Shortly, he returned to the subject of what he wanted to say to his people.

"My grandfather was the chief of all of Minnesota. Now we get everything made for us. We get our clothes and our food in the store. They wait for money from the government."

"Do the young people understand the Ojibway language?"

"Yes." He nodded.

"My whole life I've always gotten things from the store," I said. "I don't know what I would do if I couldn't get things there. That must be the hope of your people. They could do better than we could if we had to live off the land. Sometimes I bet you feel like it would be better if something were to happen to force people back to a better way of life."

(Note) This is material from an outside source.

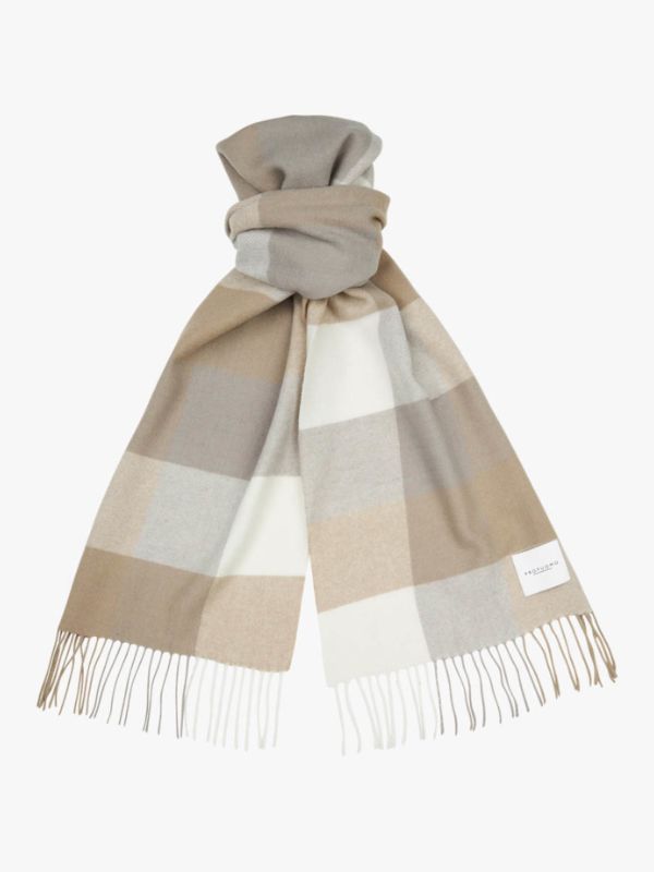 Ruit sjaal van Profuomo, 100% wol. De sjaal heeft een ruit van bruin, grijs en beige. Artikelnummer PPUS30003D van Profuomo. Italiaanse kleuren,

He digested this for a few moments. "That's right," he said with conviction.

By this time we were at the Cathedral stop at the end of Selby. "The next stop is the one where we get off if you want to walk," I said, getting up. The 21A began to make the sharp turn left and head down the hill. An older lady who had just boarded the bus sat down next to my friend and smiled pleasantly at him.

"I'm an Indian," he said to her.

She smiled nicely and made a polite response which I could not hear. He stood up, holding on to a vertical hand bar, and peered ahead at the Capitol.

"There's the Capitol," I said again, not sure that he saw it. "Do you think it's too far to walk?"

He studied the distance, standing there like a chief. "Take me down there a little closer," said the chief to the bus driver. He didn't know that the bus would turn right.

"O.K.," I said. "Take the 16A when you get downtown."

My eyes caught the eyes of the bus driver as I disembarked. Did those eyes suggest that I was a do-good meddler and that I should stay out of things that didn't concern me? That I had told him the wrong bus? That either the 7 or the 5 was more logical?

As I surveyed the distance to the Capitol, I realized that my friend had made the right decision. It would have taken him an hour to walk that far. I set out in the fresh, crisp March air, filled with gladness and thinking of our conversation.